[About this task]: Skip the pictures. Transcribe the rest of the data below without changing a word.

[Supplied data]:
================

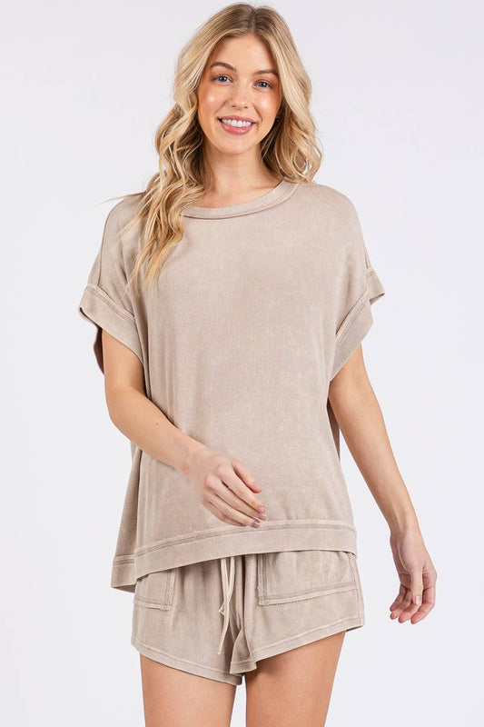Lounge Love (Taupe) Rib Mineral Wash Top
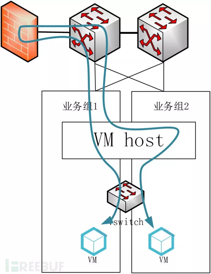 虚拟化数据中心根据底层架构的不同,基于VLAN/VPC的内部隔离是两种比较常见的方式。很多企业先根据部门、业务系统将数据中心逻辑上划分成不同安全域,并通过VLAN/VPC的方式进行隔离,再将虚拟机部署在各VLAN/VPC中。由于VLAN/VPC均为二层隔离,如果各组之间需要通信,则需要通过三层设备(三层交换、防火墙)进行。两种方式主要都是延续了传统数据中心安全管理的思维,分堆、分隔、访问控制。
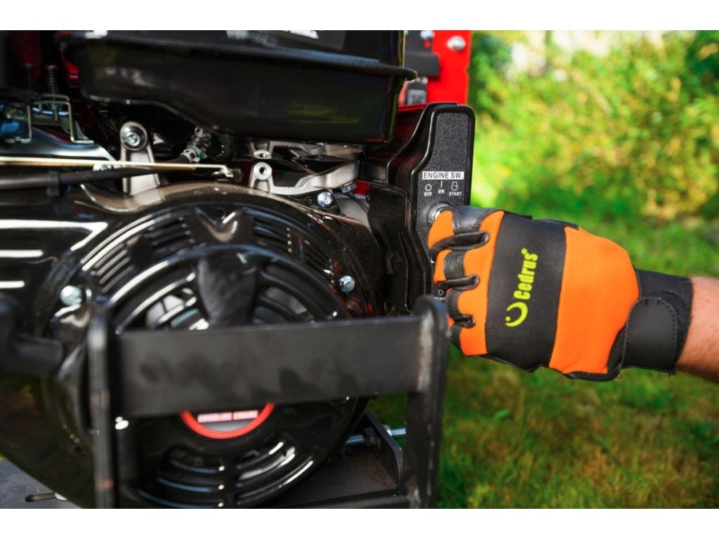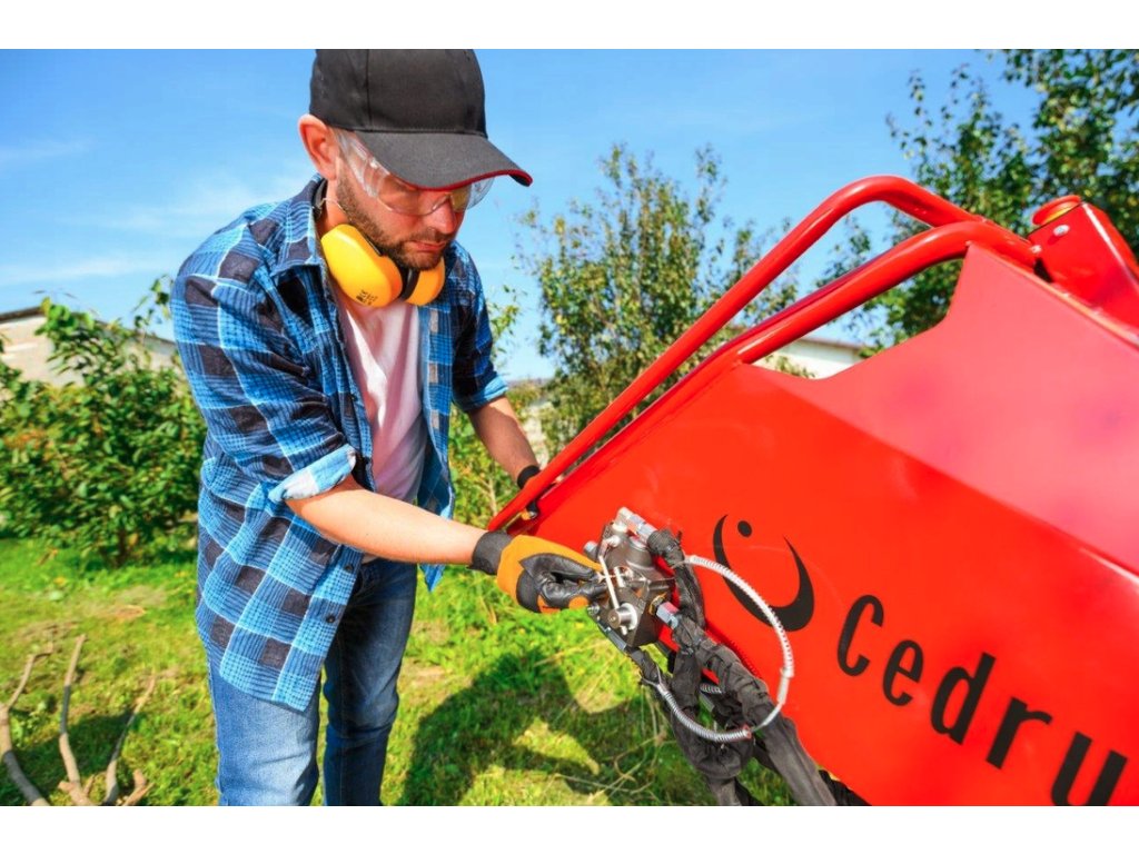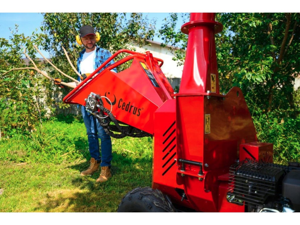 Model CEDRB05PRO-HE od značky Cedrus je výkonný profesionální rozdrabňovač větví, navržený pro intenzivní práci při údržbě sadů, lesů či parkových ploch. Stroj je vybaven čtyřtaktním motorem Loncin G420F o výkonu 9 kW (420 cm³) s elektrickým startem, což výrazně usnadňuje obsluhu. Systém podávání větví je plně hydraulický, s plynulou regulací rychlosti v rozmezí 0–600 ot./min.

================

[Answer section]:
Lounge Love (Taupe) Rib Mineral Wash Top
 虚拟化数据中心根据底层架构的不同,基于VLAN/VPC的内部隔离是两种比较常见的方式。很多企业先根据部门、业务系统将数据中心逻辑上划分成不同安全域,并通过VLAN/VPC的方式进行隔离,再将虚拟机部署在各VLAN/VPC中。由于VLAN/VPC均为二层隔离,如果各组之间需要通信,则需要通过三层设备(三层交换、防火墙)进行。两种方式主要都是延续了传统数据中心安全管理的思维,分堆、分隔、访问控制。
 Model CEDRB05PRO-HE od značky Cedrus je výkonný profesionální rozdrabňovač větví, navržený pro intenzivní práci při údržbě sadů, lesů či parkových ploch. Stroj je vybaven čtyřtaktním motorem Loncin G420F o výkonu 9 kW (420 cm³) s elektrickým startem, což výrazně usnadňuje obsluhu. Systém podávání větví je plně hydraulický, s plynulou regulací rychlosti v rozmezí 0–600 ot./min.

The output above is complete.